I also bought a second honeycomb grid Attachment for a recently arrived LED panel. One of the Godox Compac 100s. I love the narrowed and more controlled beam that results so I can now have more control but with nearly the same soft light. At $50 it's a nice modifier to have at hand. More thrill with less spill.

At this juncture I am proud to say that I didn't drop another $7,000 to $14,000 to buy either a Leica Q3 - 4/3 or a Leica SL3, or both of them; even though I thought I really wanted each of them. Now having not bought them and resisting the lure of them I seem much happier to use the older M240 cameras. Interesting that such nice files can come from 12 year old cameras. Nice for me since I already have them to shoot with. But it feels odd to have gone through an entire year without spending on multiple cameras. I did pick up a Leica SL2-S, used. But I was able to rationalize that one as a "work" camera. I'm not sure I'd be able to believe my own rationalization process if I tried to trick myself into thinking that a Q3-something was needed for "work." 

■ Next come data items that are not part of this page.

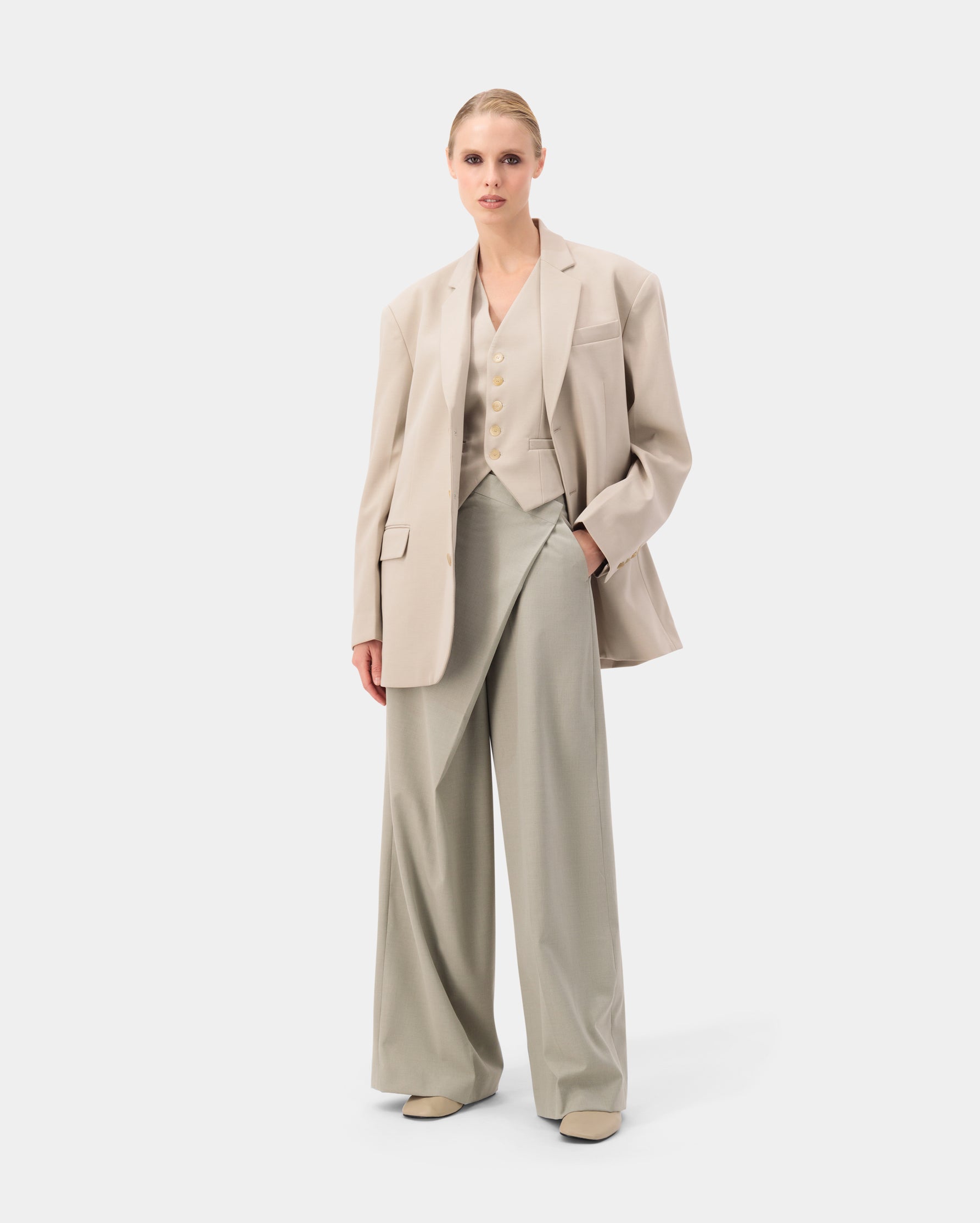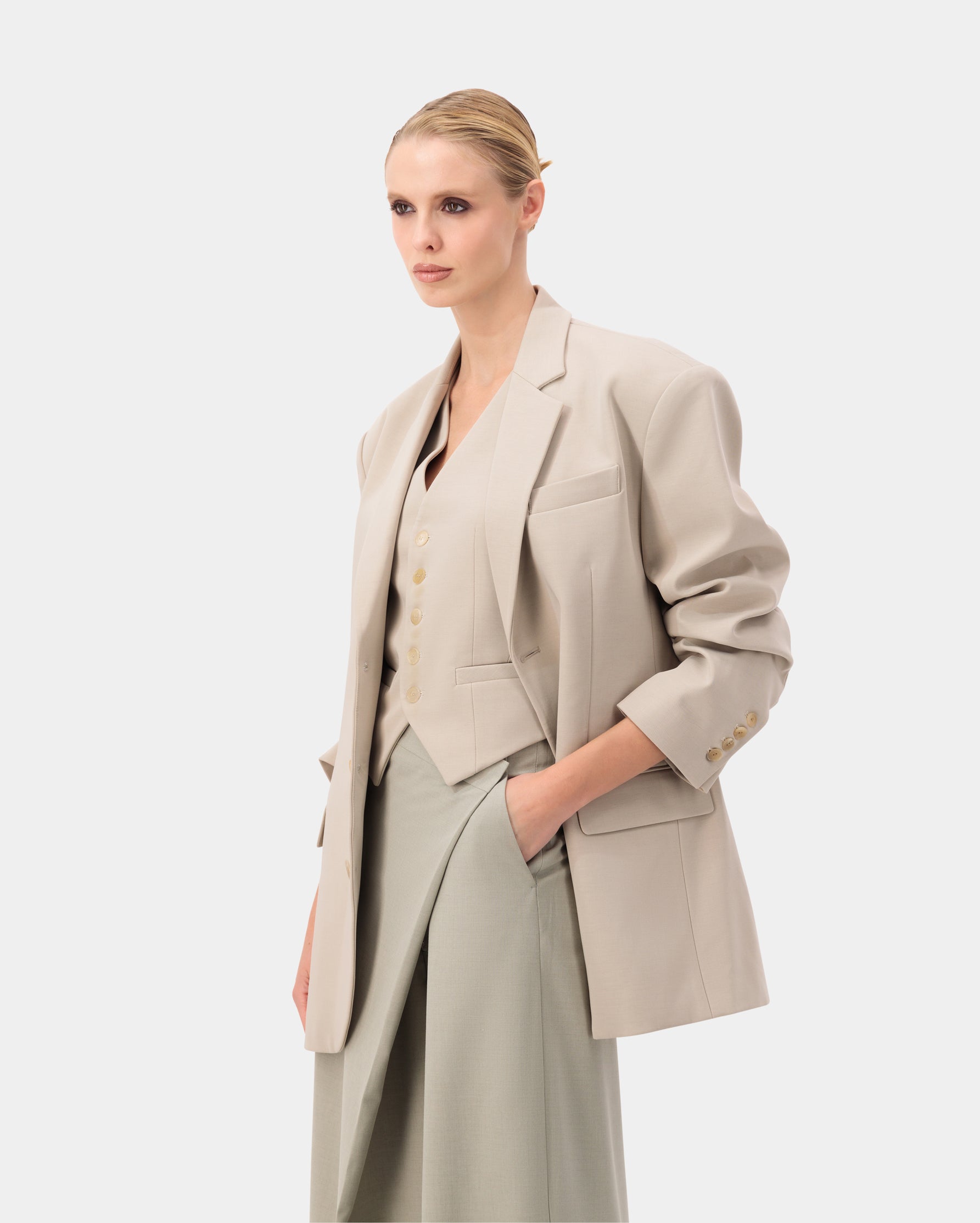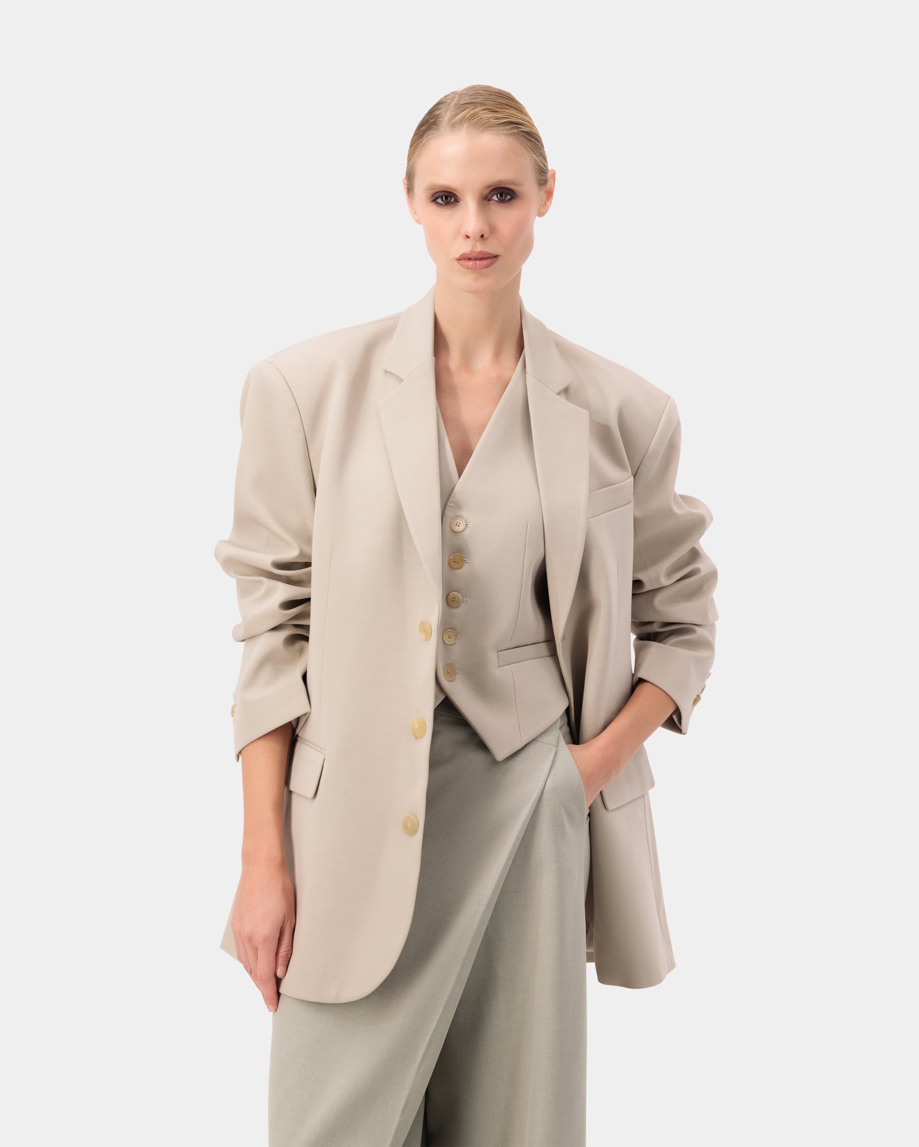 Oversized three-button single blazer, crafted from a mix of polyester, rayon, wool, and spandex for a bold yet refined look.
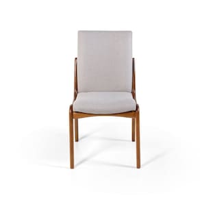 A cadeira é toda estofada em espuma de densidade 28, revestida com tecido de linho, trazendo durabilidade, toque macio e conforto à cadeira. É fabricada com madeira maciça Lyptus Grandis, com acabamento em selador nogueira fosco.
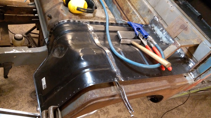Som jag nämnde förut så skulle jag som nästa steg börja med frontskinnet och allt där fram, men kom på att "sparkplåten" som golvet ska förankras i måste svetsas fast i framkant mot den främre tvärbalken vilket man kommer åt innan frontskinnet svetsas dit, och den kan jag inte sätta fast innan golvet är på plats ordentligt då den i detta nu är rörlig och lite formbar för att kunna anslutas mot golvet och dess kurvatur.
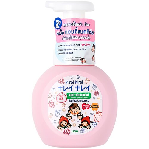Мыло-пенка для рук Kirei Kirei антибактериальная на основе растительных компонентов с нежным ароматом лесных ягод создает обильную пену, бережно очищая и оставляя ощущение гладкости кожи после использования.Обладает приятным свежим ароматом.Результат:• Защита от бактерий и чистота кожи;• Гладкость и мягкость кожи.Косметика бренда Lion не тестируется на животных.
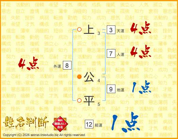 上公平さんの天運は3画の4点!
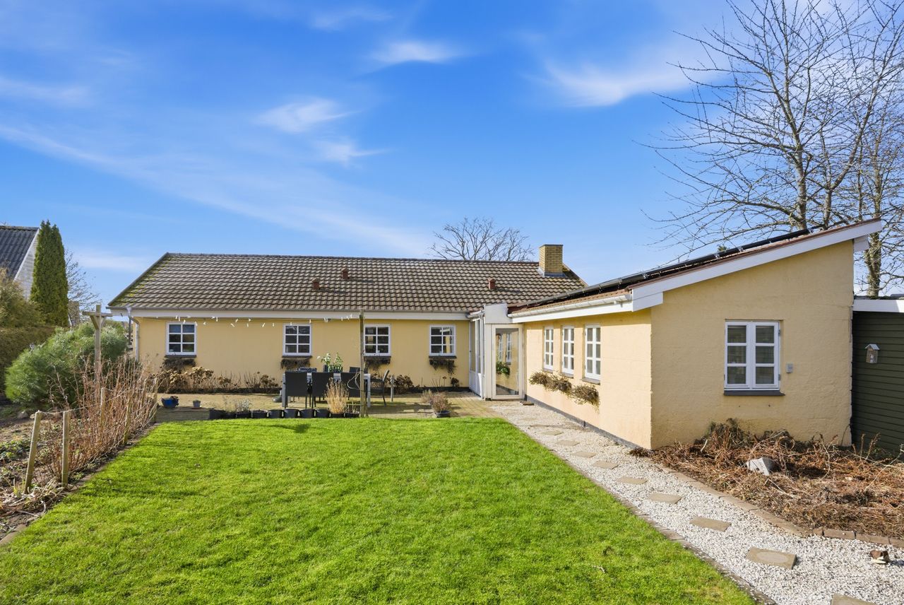 Grunden giver god plads til leg, trampolin og sommerhygge. Derudover får I både garage og carport, så både bil og opbevaring er tænkt ind.
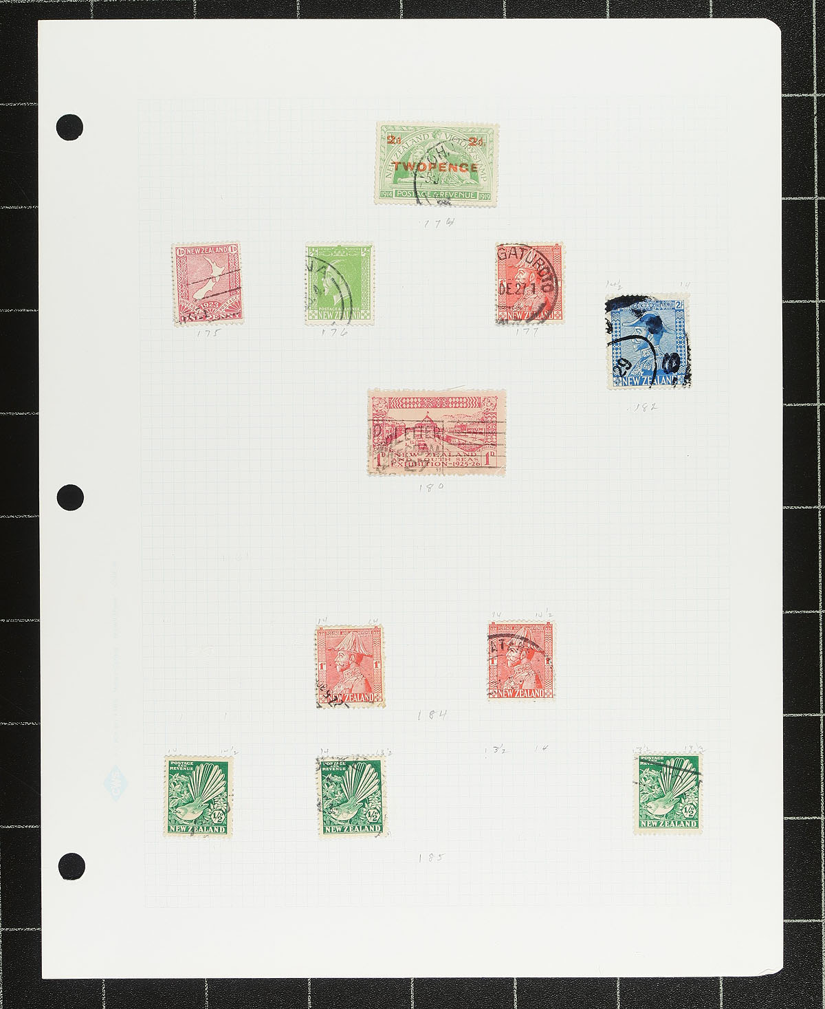 Collection of used New Zealand, 1862-1999, containing many hundreds of stamps in over 100 homemade pages, and several 102 cards. The lot generally ranges from Scott #12/1583, beginning with a few Charlon Heads including #s 12, 32-33, 40a, 41-42, and continues with singles, sets, and partial sets, including some perforation varieties, back of the book material, etc., with some material cataloguing $10 and up. Owner's 2014 Scott catalogue value for the lot totals $1,940. Postmark interest includes squared circles, cds, and a few other types including a few "socked on the nose" town cancels. A good lot that should be developed further, a few small faults with the early stamps, overall fine to very fine. Estimate =
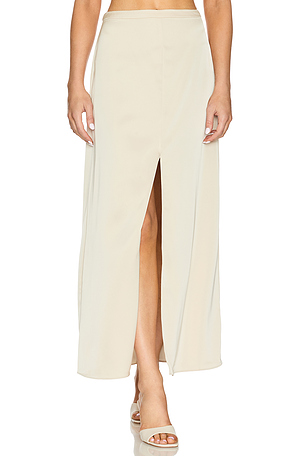 HEAR WQ33. 241r80a. HEARTLOOM JUPE LONGUE SHAYNE in Cream. Size L, M, S. Forme à enfiler avec bande élastique à la taille. Fente côtés.
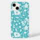 Padrão floral branco com borboletas em fundo turquesa. Design pode ser movido para criar um efeito diferente.
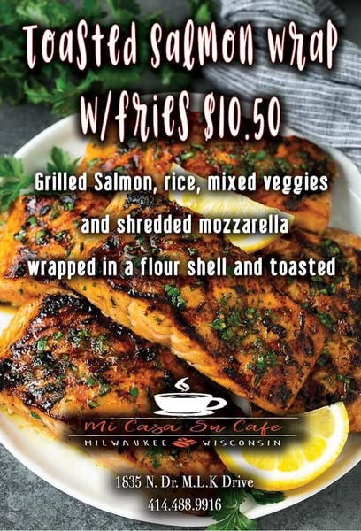 HEALTHY HUMP DAY SPECIALS ARE AVAILABLE FROM 11:00-4:00 Mi Casa Su Cafe & Lounge 1835 N. MLK DRIVE 414.488.9916 🥗 🥗🐟🐟🌯🌯🍤🍤🍔🍔🍟🍟 🌱 🌱 🥑 🥑 🥩🥩 🐔🐔 ✌🏾 😎
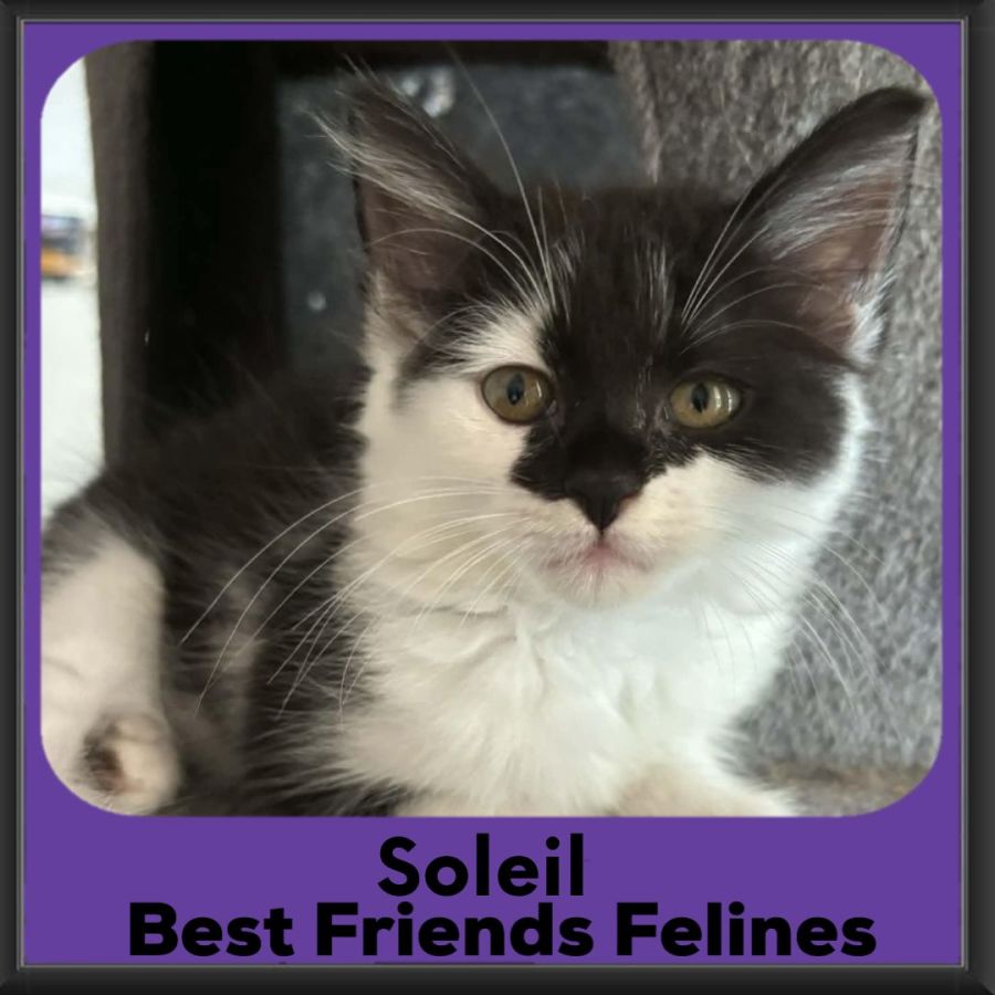 Soleil thrives with feline company and would be happiest in a home where she has another kitten or young cat to bond with — a dual adoption with her sister Manon would be a dream come true for her. She’s affectionate, playful, and full of sweetness, ready to bring warmth and gentle joy to her forever family.
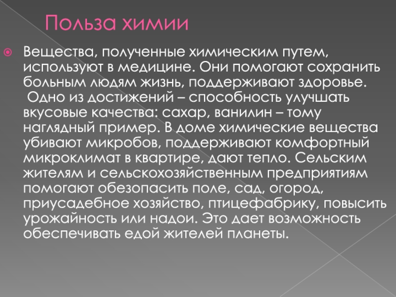 способность улучшать вкусовые качества: сахар, ванилин – тому наглядный пример. В доме химические вещества убивают микробов, поддерживают комфортный микроклимат в квартире, дают тепло. Сельским жителям и сельскохозяйственным предприятиям помогают обезопасить поле, сад, огород, приусадебное хозяйство, птицефабрику, повысить урожайность или надои. Это дает возможность обеспечивать едой жителей планеты.

We're heading into 2025. I'm not sure what to expect but I'm pretty certain it will all be both different; completely different, but also more of the same. 

More to come. Thanks for reading. Enjoy shooting with what you have. It might even be revelatory. It was for me this season. And this year. 

1 comment:

  1. Kirk: There isn't always a reason to photograph. Not always a reason to document everything. . . . Life goes on whether we document it or not.

    Couldn’t agree more! I will dutifully sit still while someone else snaps those apparently compulsory posed cellphone pictures at family gatherings—usually with the shooter expansively distorted in the far corner of the frame in order to be included in the “selfie”—but after the initial cellular transmission does anybody ever look again at those group photos of the same cast of characters smirking into the lens with only the background changed?

    My grandchildren all have asked me for cameras at one time or another, and I have happily obliged. But I have used the occasion to offer my opinion that the photographs they will cherish as they get older are the candid ones of family and friends interacting with each other (or the photographer) in their regular, day-to-day environments. Especially, as happens to those of us who survive long enough, when those images eventually serve to jog the memory of loved ones who are now gone.